Extracellular features, such as peak to valley duration or full-width half maximum, are important to classify neurons into putative classes (excitatory - inhibitory). For more information about these waveform features, we refer to this [documentation](https://github.com/AllenInstitute/ecephys_spike_sorting/tree/master/ecephys_spike_sorting/modules/mean_waveforms) from the Allen Institute.
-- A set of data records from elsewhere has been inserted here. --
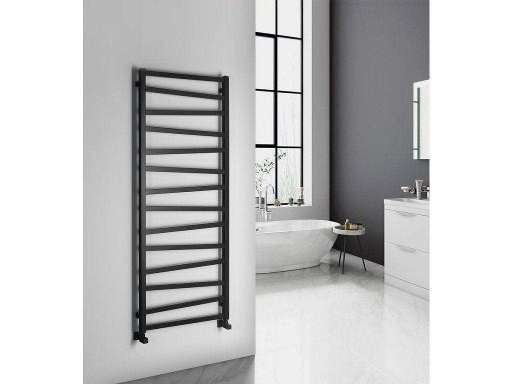 Otopné těleso s různoběžnými středovými trubkami podtrhne design koupelny. Možná kombinace ústředního a elektrického vytápění. V nabídce v barvách bílá, strukturální antracit a černá mat.
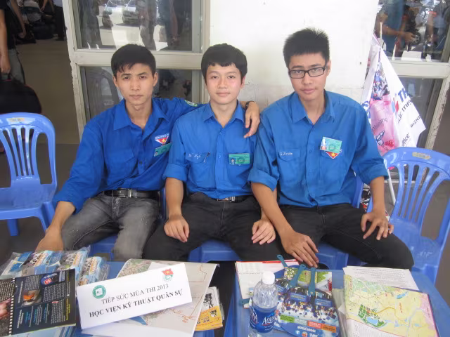 Bàn tư vấn của đội sinh viên tình nguyện tiếp sức mùa thi 2013 đến từ trường
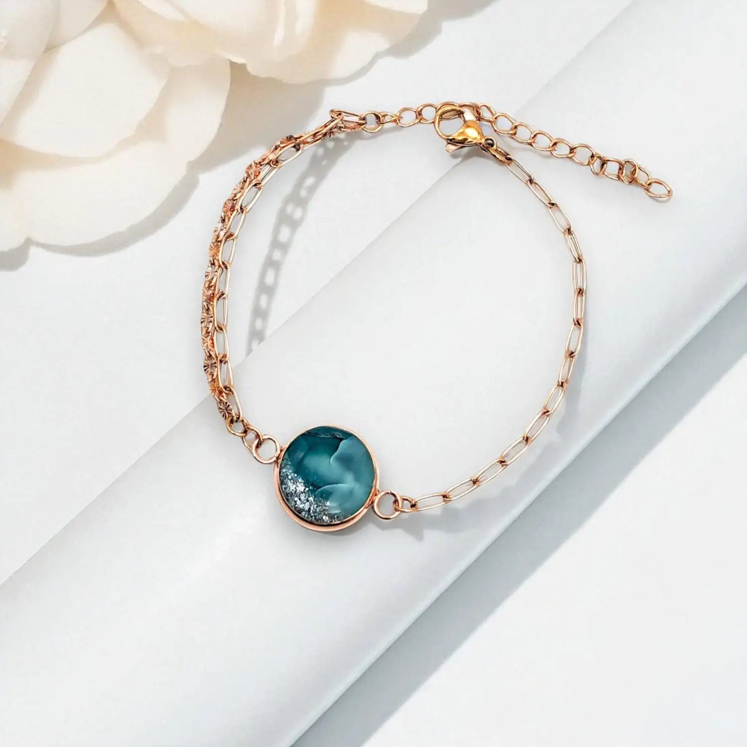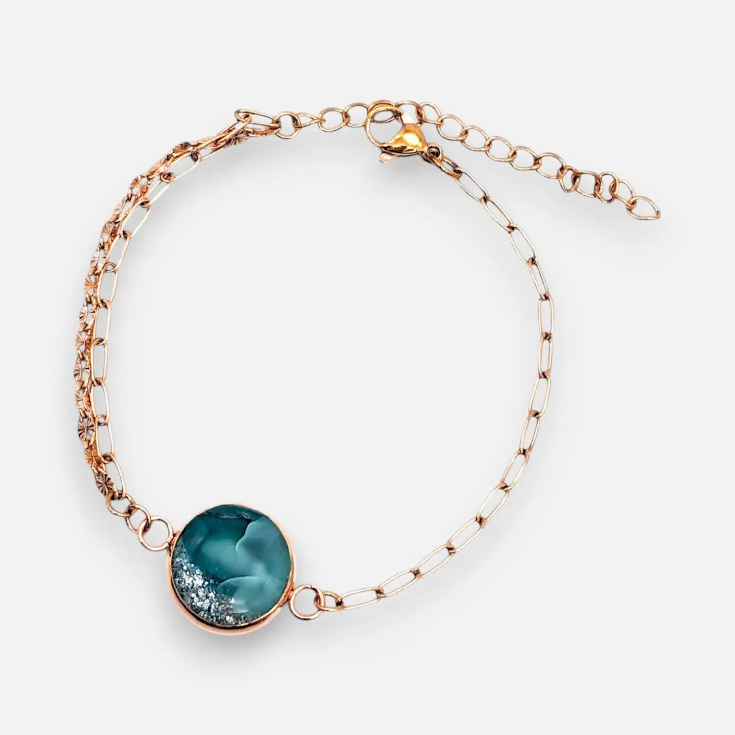 An exquisite combination of green tones and silver characterizes this 15 cm long double-layer paperclip bracelet. The rose gold-plated 304 stainless steel construction makes it a coveted piece in any collection.
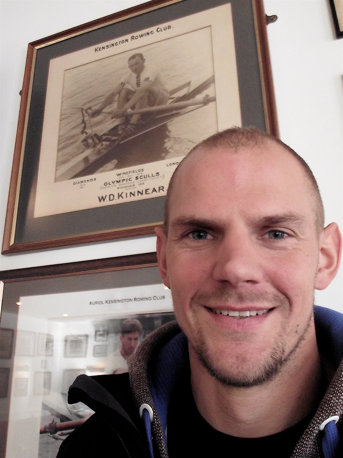 I, of course, had to take advantage of having a great Olympian in the Auriol Kensington clubhouse. Firstly, I photographed the possible 2012 Olympic sculling champion under a picture of the 1912 winner (Kensington Rowing Club’s Wally Kinnear). Secondly, I asked Olaf for an interview – which he kindly gave.
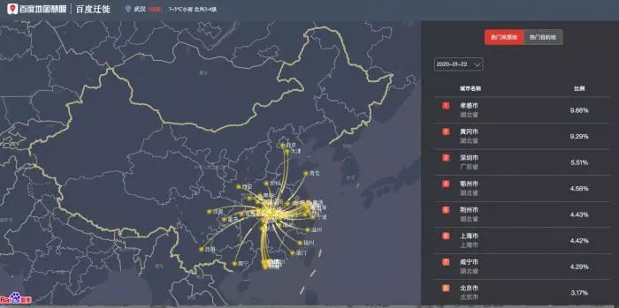 1月23日,21世纪经济报道记者自百度方面了解到,百度地图已更新百度迁徙版本,该升级版本可查看全国除港澳台所有城市的迁徙状况,并将指定城市分析来源和目的地从此前的10个扩展为50个。
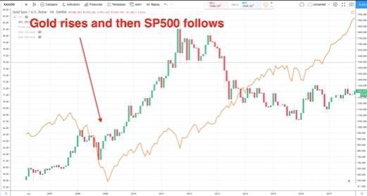 从2008年金融危机时市场的走势来看,金价领先于标普500指数,后者跟随这前者开始回升。
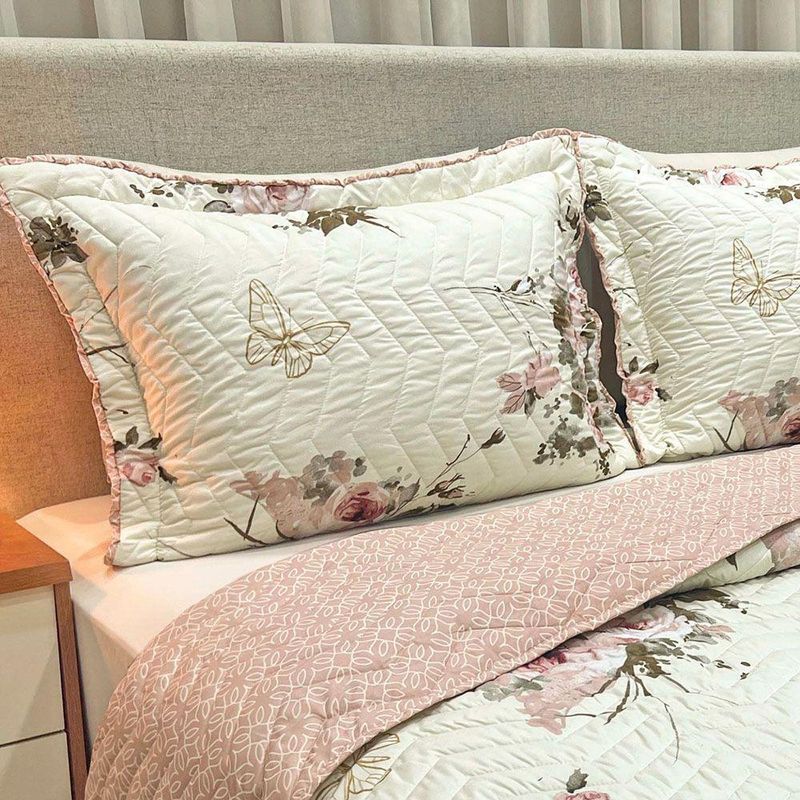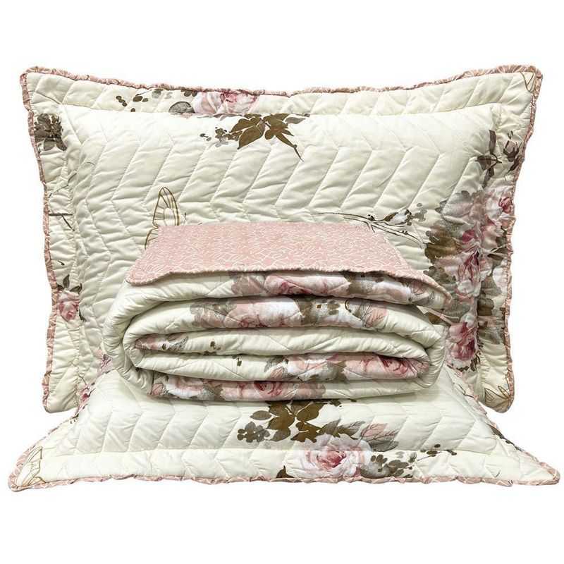 Kit Cobre Leito Colcha Topázio Queen Dupla Face 3 Peças - Palha - 100% Poliéster
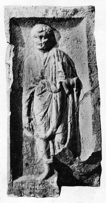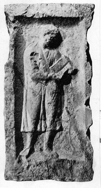 Auf der rechten Nebenseite in Rechtecknische stehender Mann in Tunica und Toga, in der Linken Rolle (volumen). - Kommentar

The postprocessing module of spiketoolkit allows one to compute several of these features:

In [29]:
st.postprocessing.get_template_features_list()

['peak_to_valley',
 'halfwidth',
 'peak_trough_ratio',
 'repolarization_slope',
 'recovery_slope']

In [30]:
features = st.postprocessing.compute_unit_template_features(recording, sorting, as_dataframe=True, 
                                                            upsampling_factor=10)
display(features)

Unnamed: 0,peak_to_valley,halfwidth,peak_trough_ratio,repolarization_slope,recovery_slope
1,[0.00132],[0.0003933333333333333],[-0.1369514059222094],[55364.23512648689],[-1803.5135212753637]
2,[0.00129],[0.0003266666666666667],[-0.11152712179963985],[213666.48348533423],[-8690.98242411237]
3,[0.0008433333333333333],[0.00025666666666666665],[-0.17124738302181503],[443364.0264438684],[-12705.721302595606]
4,[0.0004733333333333333],[0.00018333333333333334],[-0.44359723493608094],[167315.3438196635],[-8170.033600356916]
5,[0.0011366666666666667],[0.00029666666666666665],[-0.20664555896993225],[141610.91387346495],[-6337.979425380921]
6,[0.0012233333333333334],[0.00027],[-0.14151533433408908],[89214.51050956371],[-2575.3288871052323]
7,[0.0007966666666666667],[0.00035],[-0.11984915447607923],[653544.0277453804],[-20938.619738228055]
8,[0.0012],[0.00013666666666666666],[-0.35091550063041016],[105011.66357092475],[-6989.970048760432]
9,[0.0009333333333333333],[0.00035666666666666664],[-0.1388751010741255],[170879.03459146898],[-9213.972011965689]


## Validation

The `spiketoolkit` package also provides several functions to compute qualitity metrics about the spike sorting results through the `validation` module. We can compute a subset of metrics using the `compute_quality_metrics` function or compute one at a time. For more information about these waveform features, we refer to this [documentation](https://allensdk.readthedocs.io/en/latest/_static/examples/nb/ecephys_quality_metrics.html) from the Allen Institute.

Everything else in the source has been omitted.